На лестничной площадке находилась большая выемка, в которой мы с братом любили возиться, когда были детьми. И, как будто я вновь та самая пятилетняя "Джинджер", как всегда называл меня дядя, я залезла в углубление, поджала коленки к подбородку и принялась наблюдать за тем, что творилось в поместье через маленькое окошечко.


Рогатый полумесяц уже выполз на ночное небо, и в мягком лунном свете перед моими глазами открывалась вся долина. Ровные поля с шелестящей в ночи мягкой травой и редкие полуголые деревья, с каждой минутой теряющие все больше и больше листьев своего прекрасного наряда.

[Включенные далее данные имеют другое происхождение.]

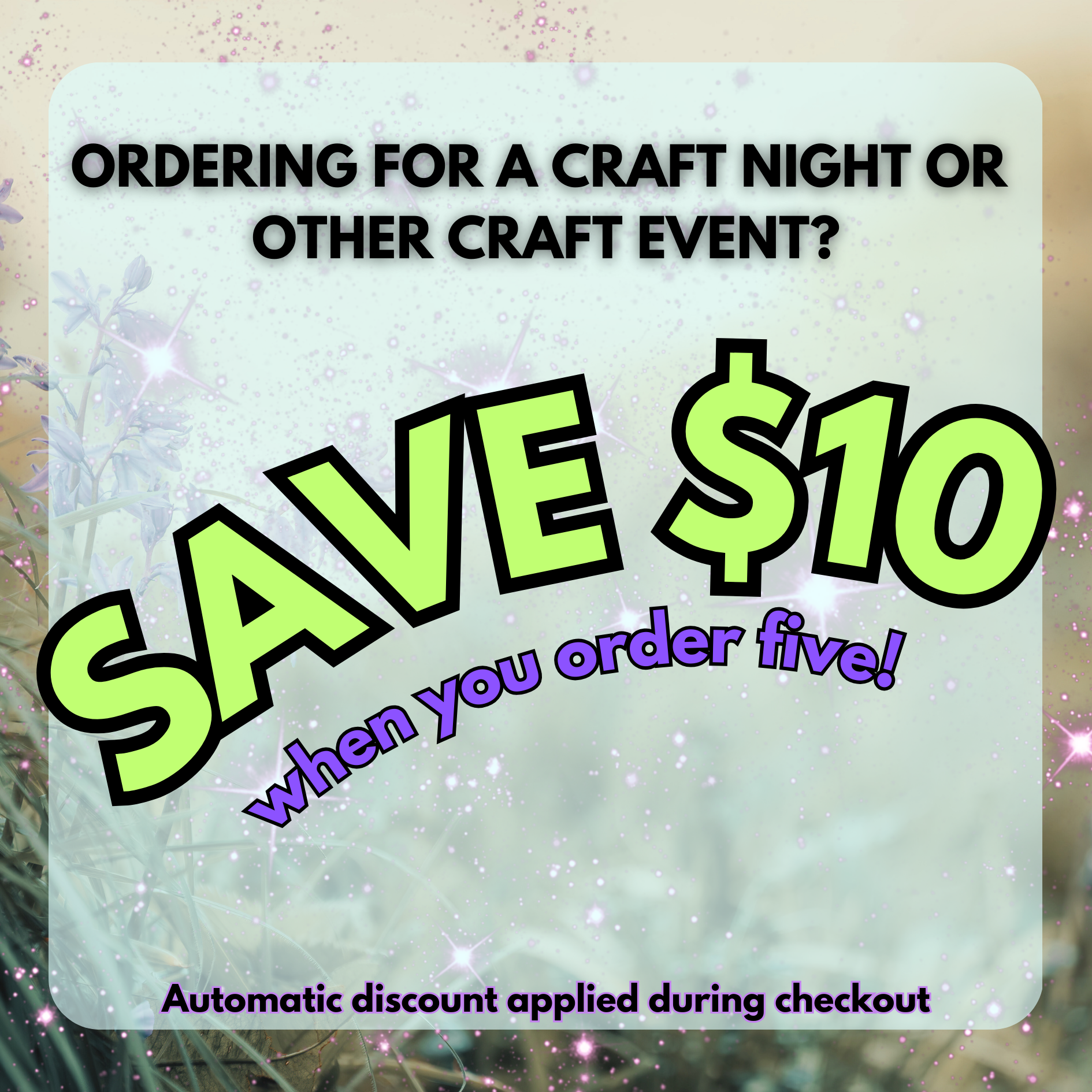 Ordering for a craft night? Get $10 off of 5 mini shelf kits! Automatic discount in cart. No code needed.
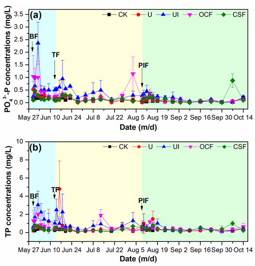 Concentrations of PO43−—P (a) and TP (b) in surface water of different N—fertilizer treatments during the rice-growing season. BF (blue background): basal fertilizer stage; TF (yellow background): tillering fertilizer stage; PIF (green background): panicle—initiation fertilizer stage. Data presented as mean ± standard deviation (n = 3).
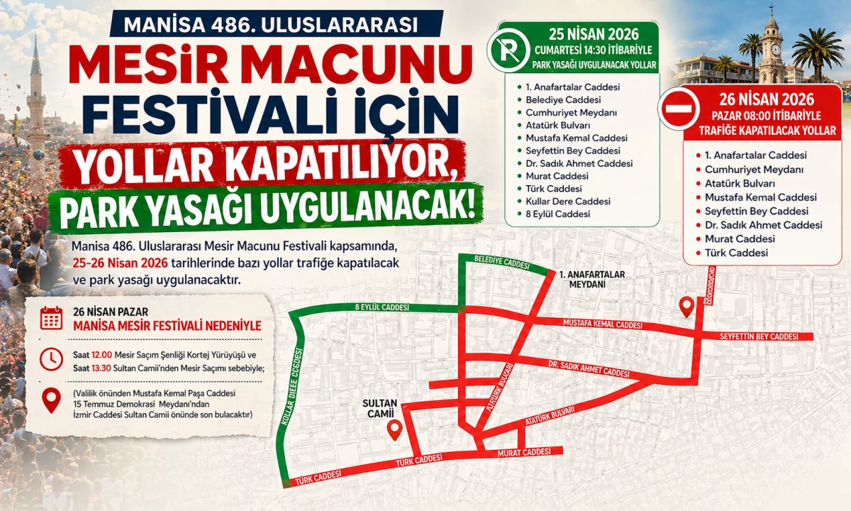 Manisa 486. Uluslararası Mesir Macunu Festivali kapsamında, 25-26 Nisan 2026 tarihlerinde bazı yollar trafiğe kapatılacak, park yasağı uygulanacak.
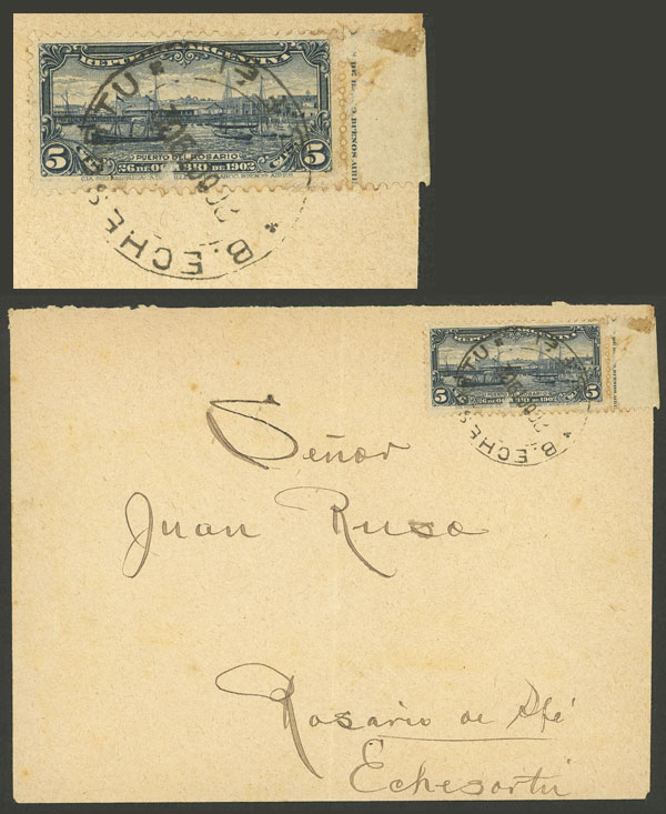 GJ.273, 1902 Puerto of Rosario, on a cover sent on the first day of issue from B. ECHESORTU to Rosario, rare cancel! (Image) (Image-02)
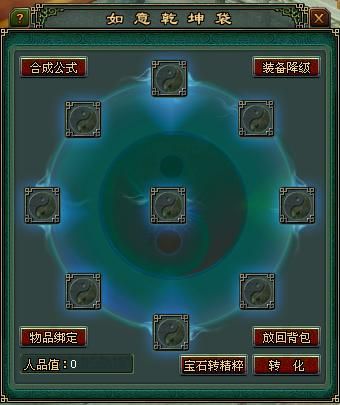 公式. 1个或多个法宝+(任意宝石)=1个法宝规则:1个或多个法宝可转换为1个法宝,放入的法宝数量越多,等级越高,以及放入的宝石等级越高,获得好法宝的概率越大。

Наступала осень — такая, какой она и должна была быть: холодной, мрачной, мерзкой. Но в такие дни фотографии получаются особенно удачными, и при этом каждая осень неповторима. Можно хоть до бесконечности снимать падающие листья, и ни один кадр не будет похож на другой.


Я любила этот край, как может только Стеф любить походы по магазинам. Но я не могла здесь остаться. Я просто боялась сойти с ума.


Даже если то, о чем говорил дядя Рей, правда — а это определенно не может быть правдой — то мне тем более нужно уезжать. Этот мир — придуманный — не для меня. Я хочу стать частью лишь того мира, который знаю.


Внезапно небо разразила гроза. Она была яркой, резкой. От неожиданности я вздрогнула, а затем прикрыла себе рот ладонью, чтобы не закричать.


В темноте гроза осветила холм с огромным дубом и привязанными к нему качелями, на которых прямо сейчас кто-то качался. Может быть, ветер? По крайней мере, мне хотелось верить, что это был именно он.